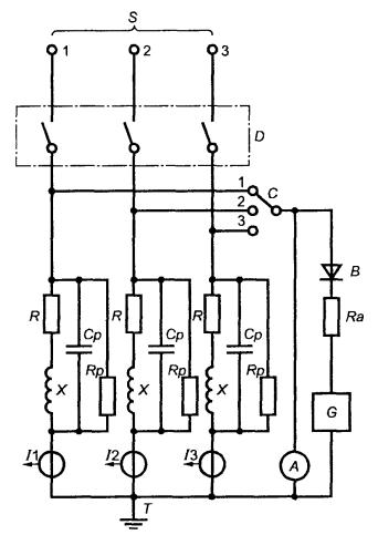 10 Z, где - переключающий диод с мгновенной блокировкой В; переключающие диоды обычно используемые в компьютерах, например кремниевые переключающие диоды с диффузным переходом с током не выше 1 А, подходят для этого. Из-за значения частоты генератора G цепь нагрузки является практически чисто индуктивной и в момент прохождения тока через нуль напряжение до включения в цепи нагрузки достигает пикового значения. Для того чтобы убедиться, что компоненты цепи нагрузки пригодны, необходимо проверить на экране, имеет ли кривая восстанавливающегося напряжения в своей начальной точке (точка А, рисунок C.1) практически горизонтальную касательную. Фактический коэффициент g - это соотношение U1/U2. U2 считывается с экрана, U1, считывается между ординатой точки А и ординатой линии развертки, когда генератор уже не питает цепь нагрузки (рисунок C.1). При наблюдении восстанавливающегося напряжения в цепи нагрузки без параллельного сопротивления резистора R или параллельного конденсатора С на экране можно определить собственную частоту колебаний цепи нагрузки. Следует предпринять меры предосторожности, чтобы входная емкость осциллографа или его соединительных проводников не влияла на резонансную частоту цепи нагрузки. Если эта собственная частота превышает верхний предел требуемой величины f, можно получить нужные значения частоты и коэффициента g, подсоединив параллельно конденсаторы С, и сопротивления Rp соответствующей величины. Сопротивления R практически не должны быть индуктивными. В качестве первого шага рекомендуется отрегулировать каждую фазу отдельно. Регулировку завершают последовательным соединением во всех возможных комбинациях генератора высокой частоты с одной фазой, подключаемой последовательно, и другими двумя, подключенными параллельно, как показано на рисунке 16; при необходимости осуществляют доводку для достижения в каждой комбинации заданных значений f и g. Примечания 1
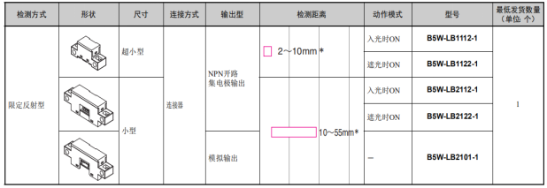 歐姆龍限定反射型傳感器B5W應(yīng)用在縫紉機(jī)中,這個(gè)系列的傳感器具有哪些特點(diǎn)呢,如下:
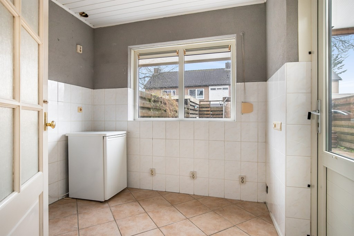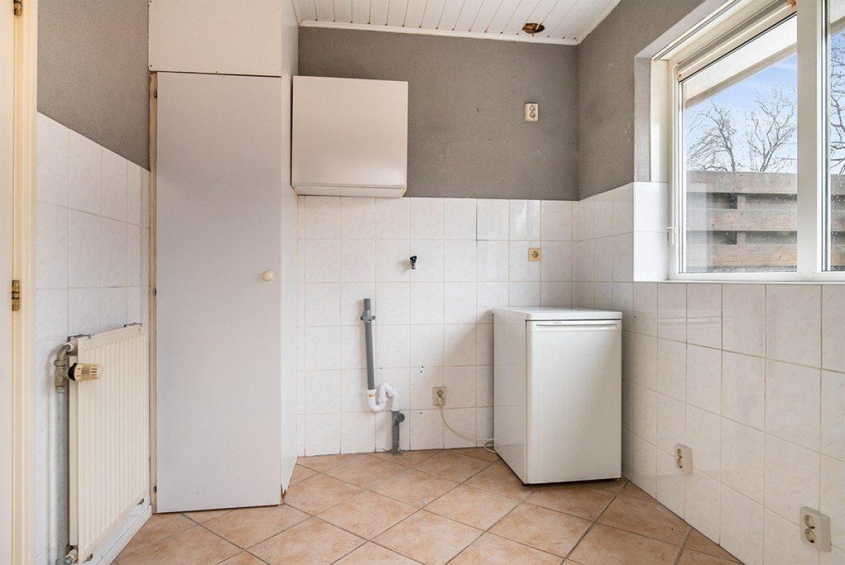 Deze ruimte is betegeld en naast de wasmachine, blijft er nog voldoende ruimte over voor een diepvries en extra koelkast. Vanuit de bijkeuken is de achtertuin te bereiken.
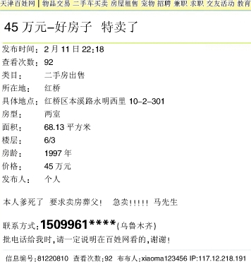 按照马先生的介绍,记者打开“天津百姓网”,在二手房出售的类别中,内容为“卖天津市红桥区本溪路永明西里某住房,45万元”,并注明“本人爹死了,要求卖房葬父!急卖!!!!”发布人:xiaoma123456,时间:2月11日22时18分,IP地址为117.12.218.191,留的联系方式是马先生的手机号,并注明是乌鲁木齐的手机号。
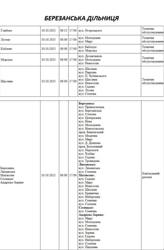 Графік відключення світла по адресах 10 жовтня, Березанська дільниця. АТ «Миколаївобленерго»
**********
## PROBLEM DETAILS
With the images removed, write out all of the material above exactly.

## RESULT OF THIS TASK
 10 Z, где - переключающий диод с мгновенной блокировкой В; переключающие диоды обычно используемые в компьютерах, например кремниевые переключающие диоды с диффузным переходом с током не выше 1 А, подходят для этого. Из-за значения частоты генератора G цепь нагрузки является практически чисто индуктивной и в момент прохождения тока через нуль напряжение до включения в цепи нагрузки достигает пикового значения. Для того чтобы убедиться, что компоненты цепи нагрузки пригодны, необходимо проверить на экране, имеет ли кривая восстанавливающегося напряжения в своей начальной точке (точка А, рисунок C.1) практически горизонтальную касательную. Фактический коэффициент g - это соотношение U1/U2. U2 считывается с экрана, U1, считывается между ординатой точки А и ординатой линии развертки, когда генератор уже не питает цепь нагрузки (рисунок C.1). При наблюдении восстанавливающегося напряжения в цепи нагрузки без параллельного сопротивления резистора R или параллельного конденсатора С на экране можно определить собственную частоту колебаний цепи нагрузки. Следует предпринять меры предосторожности, чтобы входная емкость осциллографа или его соединительных проводников не влияла на резонансную частоту цепи нагрузки. Если эта собственная частота превышает верхний предел требуемой величины f, можно получить нужные значения частоты и коэффициента g, подсоединив параллельно конденсаторы С, и сопротивления Rp соответствующей величины. Сопротивления R практически не должны быть индуктивными. В качестве первого шага рекомендуется отрегулировать каждую фазу отдельно. Регулировку завершают последовательным соединением во всех возможных комбинациях генератора высокой частоты с одной фазой, подключаемой последовательно, и другими двумя, подключенными параллельно, как показано на рисунке 16; при необходимости осуществляют доводку для достижения в каждой комбинации заданных значений f и g. Примечания 1
 歐姆龍限定反射型傳感器B5W應(yīng)用在縫紉機(jī)中,這個(gè)系列的傳感器具有哪些特點(diǎn)呢,如下:
 Deze ruimte is betegeld en naast de wasmachine, blijft er nog voldoende ruimte over voor een diepvries en extra koelkast. Vanuit de bijkeuken is de achtertuin te bereiken.
 按照马先生的介绍,记者打开“天津百姓网”,在二手房出售的类别中,内容为“卖天津市红桥区本溪路永明西里某住房,45万元”,并注明“本人爹死了,要求卖房葬父!急卖!!!!”发布人:xiaoma123456,时间:2月11日22时18分,IP地址为117.12.218.191,留的联系方式是马先生的手机号,并注明是乌鲁木齐的手机号。
 Графік відключення світла по адресах 10 жовтня, Березанська дільниця. АТ «Миколаївобленерго»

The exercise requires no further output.